Although these drugs superficially appear beneficial to patients, since they are able to control seizures and mood disbalances, their chronic administration is not completely safe and may expose patients to side effects mostly associated with inositol depletion in peripheral tissues. Among these effects are hypothyroidism, weight gain, hyperinsulinemia, dyslipidemia, impairment of kidney function and adverse dermatological effects that are quite commonly reported [
188,
189,
190]. Noteworthy, PCOS is one of the most serious side-effects reported by AEDs-treated women [
190,
191,
192,
193], who experience reduced estradiol and progesterone and increased testosterone, leading to hypogonadism, amenorrhea or oligomenorrhea, along with sexual dysfunction and infertility [
194].
Importantly, even though these conditions may sometimes spontaneously resolve after a few weeks of treatment, or revert to baseline with drug discontinuation, they certainly worsen patients’ quality of life, weakening their compliance to therapeutic protocols.
Several scientific studies have documented myo-Ins supplementation as a safe and efficient approach in treating PCOS symptoms, improving hormonal profile, hyperandrogenism, menstrual cycle, oocyte quality and psychological disturbances [
54,
195]. Moreover, myo-Ins in combination with Selenium, has been reported to be effective in restoring euthyroidism in patients with subclinical hypothyroidism or autoimmune thyroiditis [
196]. Therefore, supplementing with this inositol could be a valid option to counteract the peripherical side effects connected to bipolar disorder and epileptic treatment.
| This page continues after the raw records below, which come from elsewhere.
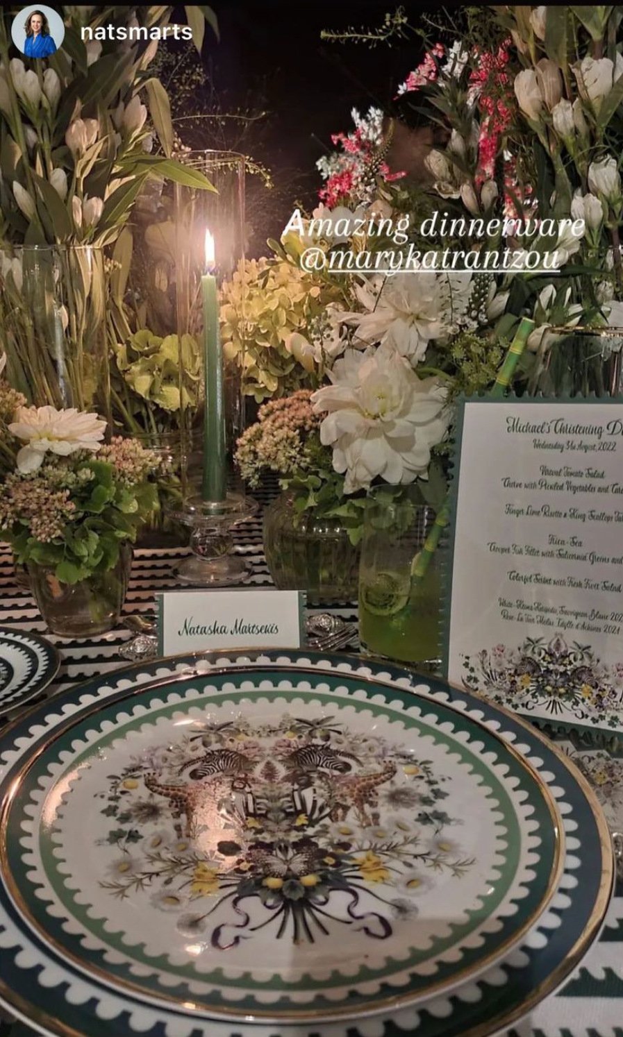 Μετά τη βάπτιση ακολούθησε glam party σε έναν παραμυθένιο χώρο, όπου είχε δημιουργηθεί ένα σκηνικό με τέσσερα τραπέζια σε διαφορετικά χρώματα, εντυπωσιακό art de la table και show με βεγγαλικά.
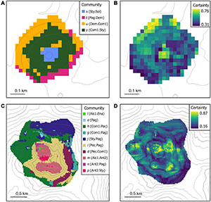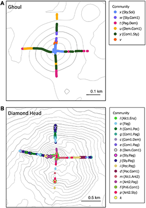 Spatial distribution patterns of the benthic communities varied between the seamounts (Figure 4). Communities on Ghoul were distributed by depth and aspect (side) of the seamount: community × (Sty.Sol) occurred on the summit; community y (Com1.Sty) on the upper to mid-flanks on all four sides; community u (Dem.Com1) mostly on the lower flanks on the north and west sides; community t (Pag.Dem) on the lower flanks of the south/east sides, and communities w (Sty.Com1) and v only occurred on the upper flank of the north side. The benthic communities on Diamond Head were also distributed by depth and broad-scale aspect, but depth-related patterns among communities were less distinct than on Ghoul. The summit of Diamond Head was mostly occupied by communities p (Ant2.Sty), m (Alc1.Ant2), n (Ant2.Pag), and l (Alc1.Ena). Community distribution on the flanks was more variable. Community o (Pag.) mostly occurred on the upper flanks along a concave rim on the north, south, and west sides. The distributions of several communities were limited to one seamount side: community d (Pec.Com1) on the lower flanks of the east side; community h (Com1.Pec), f (Pri6.Com1), and c (Com1.Dem) on a small pinnacle on the west side; community b (Dem.Com1) and g (Com1.Pag) on the lower flanks of the north side. Community i (Pec.Pag) was distributed on the east, south, and west sides at varying depths along the seamount. Community k comprised a single sample which occurred on a pinnacle on the south side.
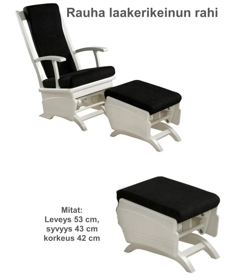 Rauha-keinu on saatavana viidessä kauniissa puuvärissä sekä useilla verhoiluväreillä, joista Daisy ja Manhattan Varasto kankailla toimitusaika on 1–3 viikkoa ja Daisy ja Manhattan tilauskankailla toimitusaika + 3 viikkoa viikkoa. Saatavilla myös muilla verhoiluilla ota silloin yhteyttä asiakaspalveluumme. Lisätilauksesta keinuun voi valita yhteensopivan rahin.
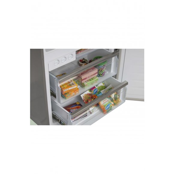 Кроме того, в данной модели предусмотрены съемные моющиеся уплотнители, полки из закаленного стекла, 1 большой ящик для хранения овощей и фруктов и 3 ящика в морозильном отделении.
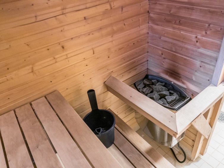 Living area 85 m², including loft (15 m²). Kitchen/livingroom with dinning table for 6-8 persons. Two bedrooms, 1st with twin bed (get separate if needed), 2nd with 120 cm bed for 1-2 persons. Sauna (electric), shower/wc. Loft with bed for 4 persons + wc. Terrace. Wifi / internet access.
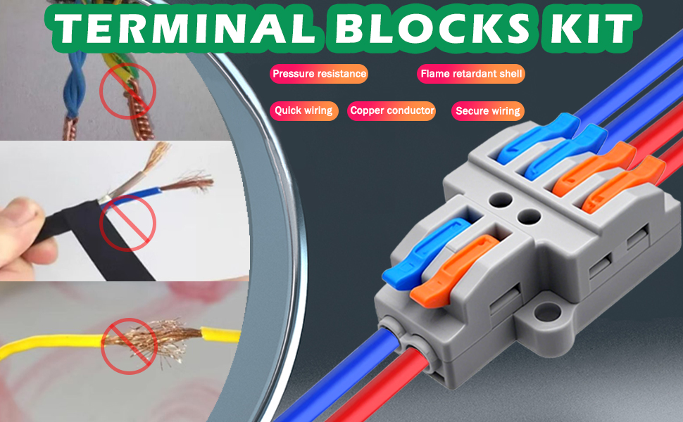 ✔️توافق واسع للأسلاك: يستوعب بسهولة أنواع الأسلاك المتنوعة: الأسلاك الصلبة من 0.08-4 مم² /28-12 AWG والأسلاك المجدولة/المرنة من 0.08-2.5 مم² /28-14 AWG. تحتاج إلى تجريد طول 10 مللي متر. ممتاز لمحبي الأعمال اليدوية، ومستخدمي المنزل، والفنيين.
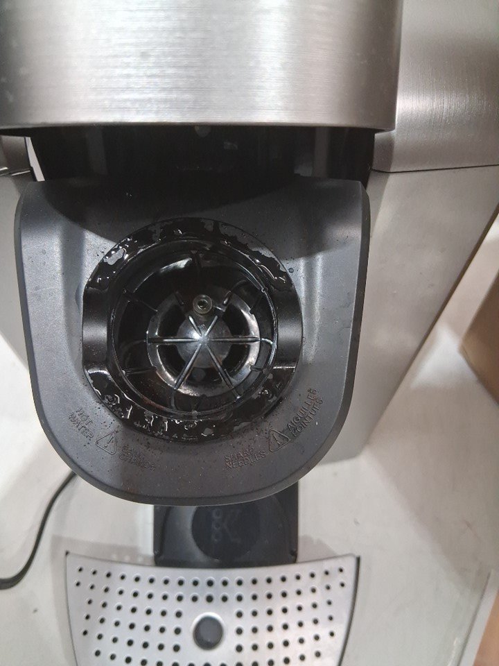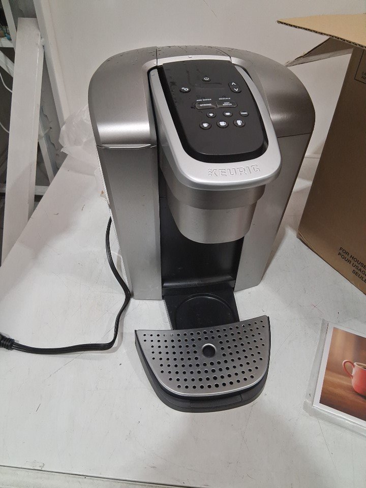 tested for basic power. water was on item and inside the pod holder has coffee grinds. the base of the cup holder is scratched.
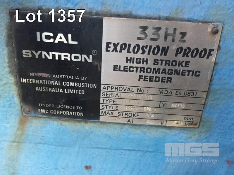 VIBRATING FEEDER, ICAL SYNTRON TYPE: FVD650 ELECTROMAGNETIC DRIVE 33HZ, 415V, EXPLOSION PROOF, HIGH STROKE (LOCATED REGENCY ROAD, FERRYDEN PARK SA)
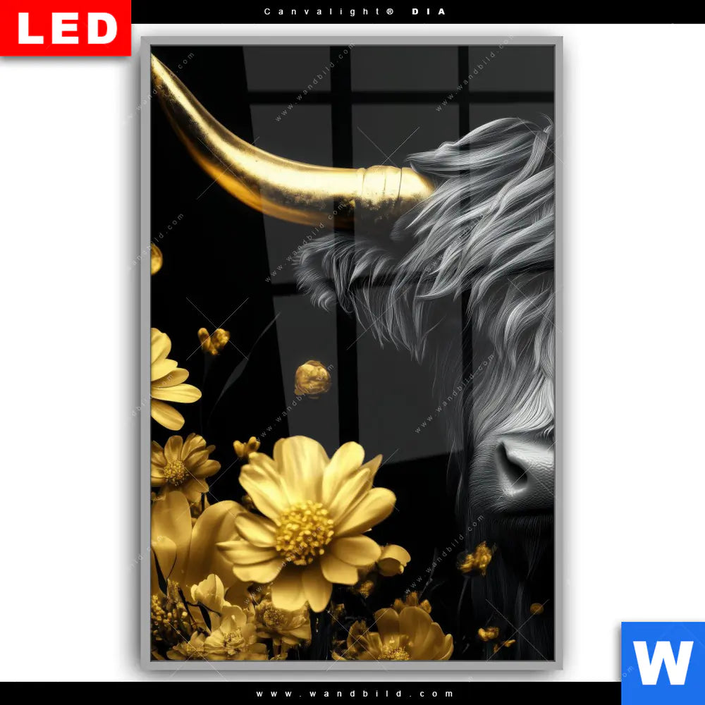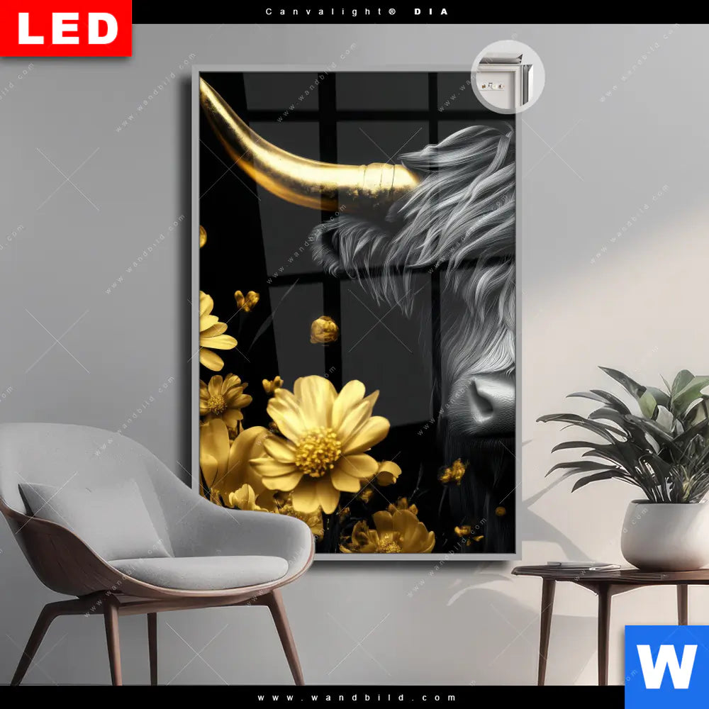 Canvalight® DIA Leuchtbild | Goldenes Hochlandrind | Hochformat
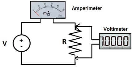 Fig. 2 shows the assembly suggested to students, which includes DC power supply, ammeter, voltmeter, and resistance, whose value must be determined.

Clearly, the dose of myo-Ins supplemented should be properly settled so as not to increase its levels in the brain and interfere with the central pharmacological therapeutic effect.
The possible ratio between myo-Ins and D-chiro-Ins may physiologically range from 10:1 to 100:1 and the ratio 80:1 in favor of myo-Ins is particularly encouraged [
190].
From these premises, the concomitant supplementation with inositol to patients in therapy with Li+ or AEDs could represent an intriguing proposal. Interestingly, this combined treatment would safely reduce the peripheral side effects, ameliorating patients’ compliance and improving quality of life.